Why doesn't python's list append() method return the list itself?

Thomas Jollans thomas at jollans.com
Sun Jul 11 12:19:35 EDT 2010


On 07/11/2010 05:59 PM, dhruvbird wrote:
> Why doesn't python's list append() method return the list itself? For
> that matter, even the reverse() and sort() methods?
> I found this link (http://code.google.com/edu/languages/google-python-
> class/lists.html) which suggests that this is done to make sure that
> the programmer understands that the list is being modified in place,

Yes!

> but that rules out constructs like:
> ([1,2,3,4].reverse()+[[]]).reverse()

No!

you can either approach this by imperatively modifying a list in-place:

L = [1,2,3,4]
L.reverse()
L.append([])
L.reverse()

Or you can use a more functional style:

L2 = reversed(reversed([1,2,3,4]) + [[]])

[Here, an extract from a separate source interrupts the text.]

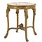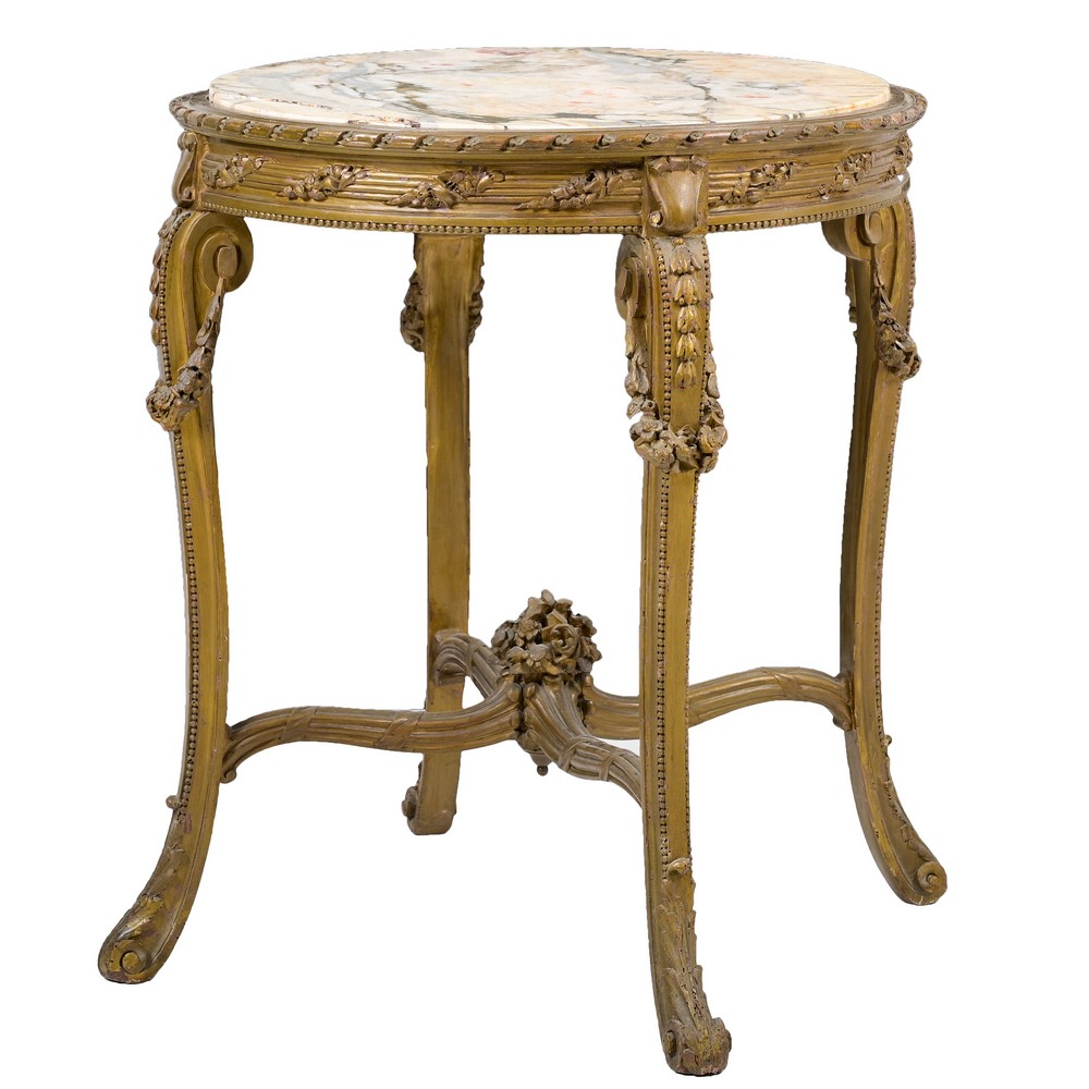 Salotto stile Luigi XVI in legno intagliato, laccato e dorato con schienali e sedute imbottiti composto da divano, quattro sedie, due poltrone e da tavolino con piano in marmo.

(or ([1,2,3,4][::-1]+[[]])[::-1], if you like that kind of thing)

Imagine list.reverse and list.append *did* return self:

L1 = [1,2,3,4]
L2 = L1.reverse().append([]).reverse()

would you expect, after this code, that (L1 == L2) and (L1 is L2)? I
think it would surprise a lot of people. Better clearly separate
modifying an object and functionally processing an object.